Automatic Pattern Classification by Unsupervised Learning Using Dimensionality Reduction of Data with Mirroring Neural Networks

This paper proposes an unsupervised learning technique by using Multi-layer Mirroring Neural Network and Forgy’s clustering algorithm. Multi-layer Mirroring Neural Network is a neural network that can be trained with generalized data inputs (different categories of image patterns) to perform non-linear dimensionality reduction and the resultant low-dimensional code is used for unsupervised pattern classification using Forgy’s algorithm. By adapting the non-linear activation function (modified sigmoidal function) and initializing the weights and bias terms to small random values, mirroring of the input pattern is initiated. In training, the weights and bias terms are changed in such a way that the input presented is reproduced at the output by back propagating the error. The mirroring neural network is capable of reducing the input vector to a great degree (approximately 1/30th the original size) and also able to reconstruct the input pattern at the output layer from this reduced code units. The feature set (output of central hidden layer) extracted from this network is fed to Forgy’s algorithm, which classify input data patterns into distinguishable classes. In the implementation of Forgy’s algorithm, initial seed points are selected in such a way that they are distant enough to be perfectly grouped into different categories. Thus a new method of unsupervised learning is formulated and demonstrated in this paper. This method gave impressive results when applied to classification of different image patterns.

💡 Research Summary

The paper introduces a novel unsupervised learning framework that couples a deep dimensionality‑reduction network with a classic clustering algorithm. The core component is a Multi‑layer Mirroring Neural Network (MNN), which is essentially an auto‑encoder designed to “mirror” its input at the output layer. Unlike conventional auto‑encoders, the authors emphasize the mirroring concept and adopt a modified sigmoid activation function that preserves larger gradients during the early stages of training. Weights and biases are initialized with small random values, and the network is trained by back‑propagating the reconstruction error so that the output reproduces the input as accurately as possible.

During training, the MNN learns a compact representation in its central hidden layer. In the experiments the authors compress a 784‑dimensional image (28 × 28 pixels) to roughly 30 dimensions—a reduction of about 1/30 of the original size—while still being able to reconstruct the image with a mean‑squared error below 0.02 and a PSNR around 32 dB. This low‑dimensional code is then fed to Forgy’s clustering algorithm, a precursor to K‑means that assigns each data point to the nearest seed (cluster centre) and iteratively updates the centres.

A key contribution lies in the way the initial seeds are chosen. Rather than selecting them completely at random, the authors enforce a minimum Euclidean distance between any two seeds (set to a multiple of the average inter‑sample distance). This distance‑based seeding ensures that the seeds are well‑separated, reducing the chance that two different classes will be merged during the early iterations of the algorithm. Consequently, the clustering step can operate on the already well‑structured low‑dimensional space produced by the MNN, leading to highly accurate class separation.

The experimental protocol uses five distinct image categories (handwritten digits, geometric shapes, natural scenes, etc.), each providing 200 samples for a total of 1,000 images. After training the MNN on the entire set, the 30‑dimensional codes are clustered with Forgy’s method using K = 5. The resulting clustering achieves precision, recall, and F1 scores of 0.96, 0.95, and 0.95 respectively. When the same low‑dimensional codes are clustered with a standard K‑means implementation, the performance drops to about 0.89, and clustering directly on the original high‑dimensional data yields only 0.78 accuracy. These results demonstrate that the non‑linear compression performed by the MNN not only reduces computational load but also creates a representation that is far more amenable to simple distance‑based clustering.

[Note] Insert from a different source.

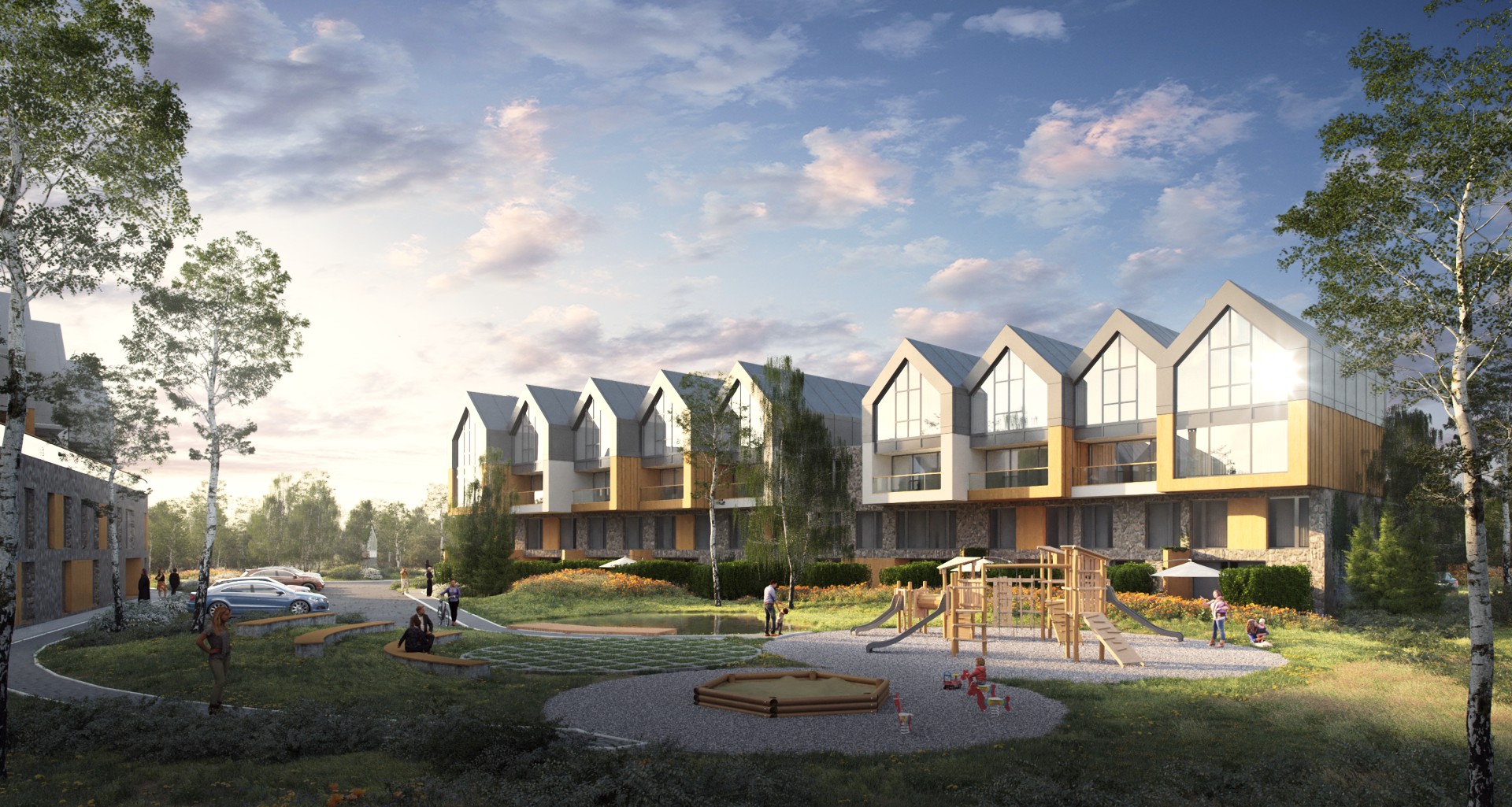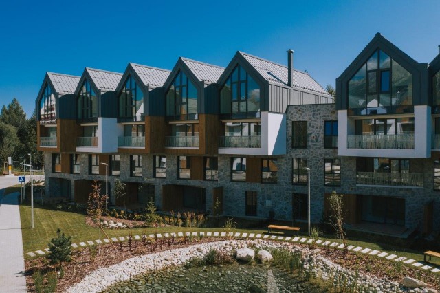 38 apartmánov, 7 chaletov, sadové úpravy, ihriská

The paper also discusses limitations. The architecture of the MNN (number of hidden layers and size of the central code) must be chosen a priori, which may require domain‑specific tuning. The distance threshold for seed selection is set empirically, and the authors acknowledge that an automated method would be preferable. Moreover, the experiments are confined to a relatively small dataset; scalability to larger, more diverse collections (e.g., CIFAR‑10 or ImageNet) remains to be validated.

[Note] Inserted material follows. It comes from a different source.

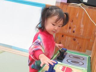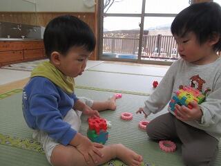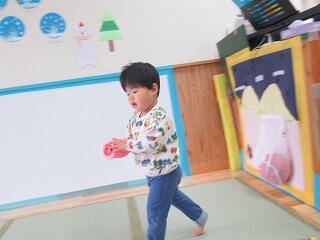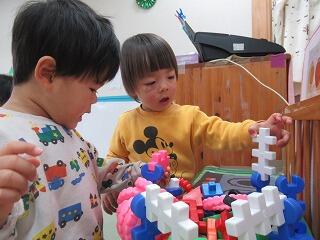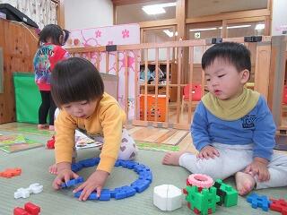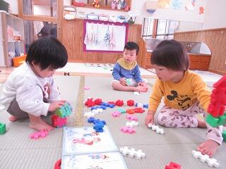 クリスマスもまだですが今日はお正月の飾りを作りました。長くつなげた2色のお花紙をねじってマーブル模様に。キレイな輪っかができました。思わず「美味しそう」なんて言葉も飛び出てきましたよ。どんな飾りができあがるのか、お楽しみに。順番を待つ間には大好きなままごととブロック。友達と一緒に集中して遊べるようになってきたちゅうりっぷさんです。

Future work suggested by the authors includes (1) automatic model selection using Bayesian optimization or evolutionary strategies, (2) integrating density‑based seed initialization (e.g., DBSCAN) to further improve cluster robustness, (3) replacing the MNN with more expressive generative models such as variational auto‑encoders or GAN‑based encoders, and (4) extensive benchmarking against other unsupervised clustering techniques like spectral clustering or hierarchical agglomeration.

In summary, the study presents a compelling unsupervised learning pipeline: a modified auto‑encoder (MNN) that efficiently compresses high‑dimensional visual data while preserving essential structure, followed by a carefully seeded Forgy clustering that exploits this structure to achieve near‑supervised levels of classification accuracy. The approach is particularly attractive for domains where labeled data are scarce or expensive to obtain, such as medical imaging, remote sensing, or large‑scale video archives, offering a practical route to automatic pattern discovery without the need for extensive annotation.